16 Ansichten (letzte 30 Tage)
Michal am 10 Jun. 2021
Beantwortet: Noorolhuda wyal am 22 Nov. 2022
For very specific matrix A:
a = -1e20;
b = eps;
c = 1;
A = [a,0,b;0,c,0;-b,0,a];
disp('A:'), disp(num2str(A))
A:
-1e+20 0 2.220446049250313e-16
0 1 0
-2.220446049250313e-16 0 -1e+20
is known exact matrix exponential as:
expA = exp(a)*( ...
[1,0,0;0,0,0;0,0,1]*cos(b)+ ...
[0,0,1;0,0,0;-1,0,0]*sin(b))+ ...
[0,0,0;0,exp(c),0;0,0,0];
expA =
0 0 0
0 2.7183 0
0 0 0
the Matlab function expm give wrong result:
expm(A)
ans =
0 0 0
0 1 0
0 0 0
but direct computing of expm(A) via definition gives again right result:
[V,D] = eig(A);
expmA = V*diag(exp(diag(D)))/V
expmA =
0 0 0
0 2.7183 0
0 0 0
So, what is wrong with expm function?
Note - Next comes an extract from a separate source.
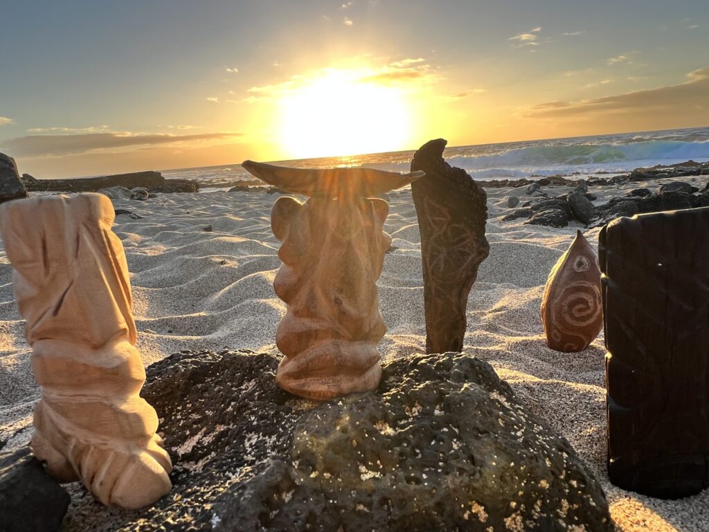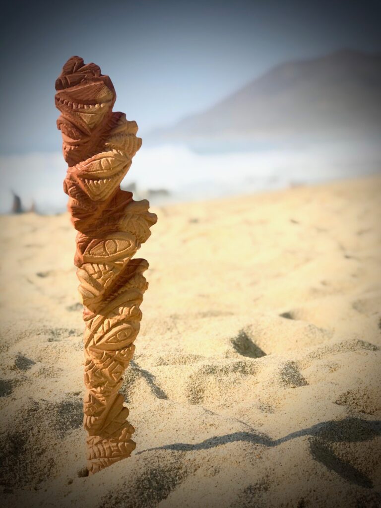 Koa Stevens is a California-based wood sculptor blending Polynesian heritage, ancient symbolism, and contemporary form. Through large-scale, collaborative, and reclaimed wood works, his neo-primitive sculptures explore cultural continuity, ancestral memory, and humanityโs enduring relationship with the natural world.

Bad implementation of Pade's approximation?
##### 5 Kommentare4 ältere Kommentare anzeigen4 ältere Kommentare ausblenden
Michal am 10 Jun. 2021
Symbolic solutions always ends on matrix exponentials and integration, which must be finally evaluated always numerically, so in this case by multi-precision arithmetic, which is sometimes very slow (especially with VPA in MATLAB). So, this problem is really hard ... :)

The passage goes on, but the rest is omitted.